Lockdowns, social distancing and a cutback in consumer spending have all played their part in reducing Love Group’s cash receipts, which slumped 29 per cent quarter on quarter and 57 per cent year on year.
But, thanks to cost cuts, it was able to record $87,000 in positive operating cash flow.
CEO Michael Ye admitted it was a challenging quarter and the future was anything but clear.
“The fourth quarter of fiscal year 2020 was a challenging one for us, primarily due to the impact of COVID-19 on consumer spending and willingness to visit our stores for in person consultations,” he said.
“Looking ahead to fiscal year 2021, we expect continued uncertainty in our business outlook as a result of the ongoing COVID-19 pandemic.
“We will continue to monitor and manage our operating expenses in line with our sales levels in order to maintain our balance sheet strength and liquidity.”

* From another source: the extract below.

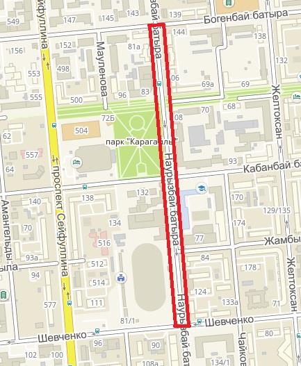 Седьмой участок будет находиться по улице Айтеке би - от Фурманова до Тулебаева.

Love Group is headquartered in Hong Kong, a nation that prior to the COVID-19 hit was experiencing local tensions.
In the last year the territory has seen anti-Beijing protests and the consequential imposition of national security laws.
But in recent days Hong Kong has also seen a relapse in COVID-19 cases.
Yet the country was not as affected as other markets, with Love Group only witnessing a decline of 16 per cent in the Hong Kong market.
Singapore and London were more heavily hit. Cash receipts from Singapore plunged by 66 per cent and from London by 55 per cent.
Love Group shares were unchanged this morning but are down over 35 per cent in 12 months.